The discussion also covered Ms. Bigelow’s particular filmmaking style, including her decision to cast lesser-known actors as leads in her movies. Her goal, she said, is to make her films accessible. She remembered looking around at the men and women in a mess hall while eating with troops during production for “The Hurt Locker,” and remembered feeling they were “salt of the earth.”
“They’re not recognizable, yet they’re beautifully recognizable,” she said. “So it was very important to cast someone who people could identify with that didn’t come with other baggage from another character or another movie.”
She also described the difficulties of making independent films on a small budget. Despite the struggle of finite resources and having to shoot quickly, Ms. Bigelow said she would rather sacrifice a movie budget than to compromise her artistic vision with a studio film.

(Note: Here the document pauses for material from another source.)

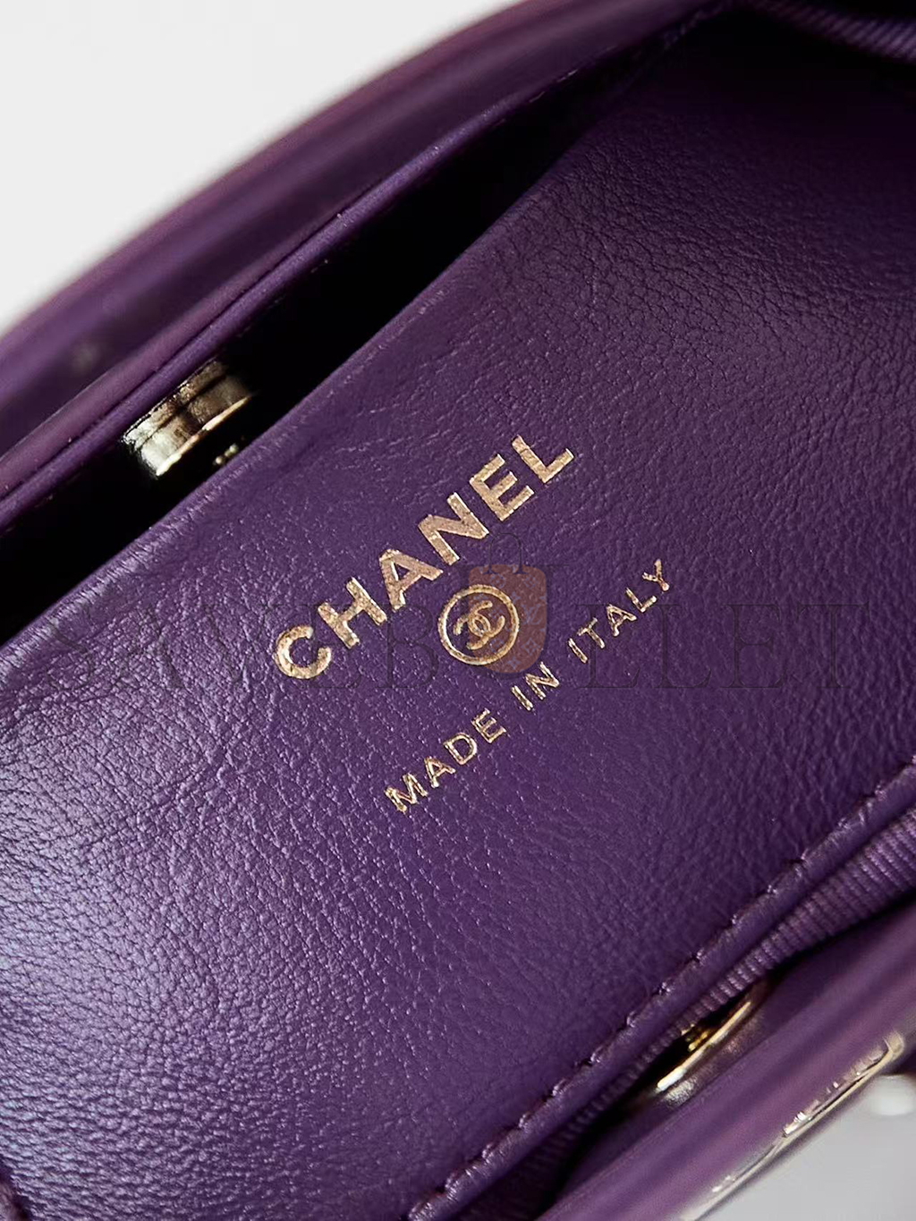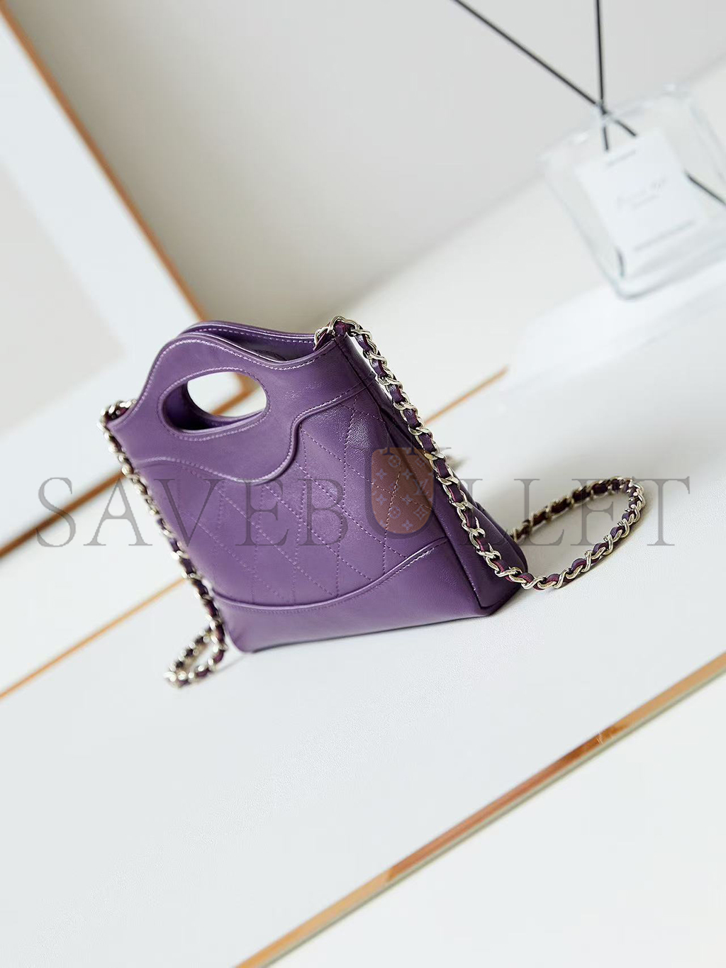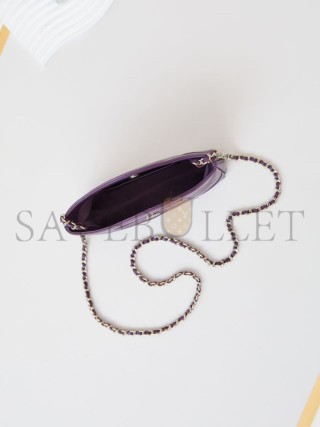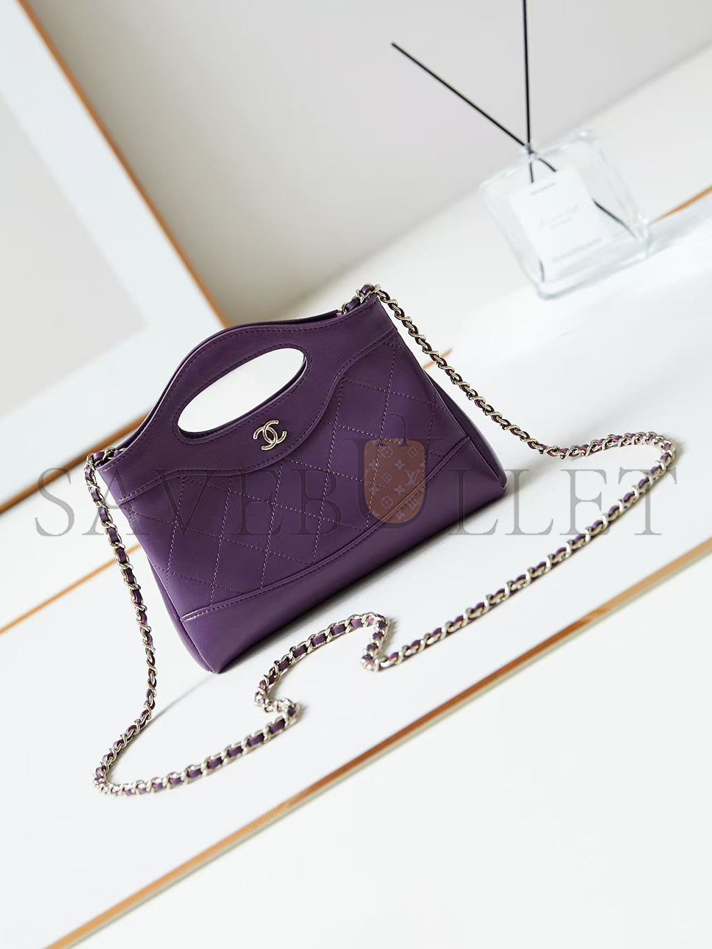 CHANEL MINI 31 CLUTCH WITH CHAIN SHINY CALFSKIN PURPLE LGHW AP3656 (20.5*17*3.5cm)

Mr. Wilson asked if there was anything she wished she’d been told about filmmaking prior to her career. Ms. Bigelow explained that even if she had been told how hard the process would be and how many sacrifices she would have to make, it wouldn’t have changed anything.
“I would never have listened to what someone would have said, because you have to make mistakes, you have to learn by doing and you have to go down that dark difficult road at times,” she said. “But it’s all for this moment.”
Mr. Wilson ended the conversation by recalling his reaction to seeing “Zero Dark Thirty” for the first time. He was invited to a private screening for Pentagon officials and remembered feeling speechless when the final credits rolled. Former CIA Director Leon Panetta pulled him aside and asked him what he thought.
“She nailed it,” Mr. Wilson remembered saying.
He told Ms. Bigelow, “On behalf of all of us, thank you for being here and thank you for nailing it.”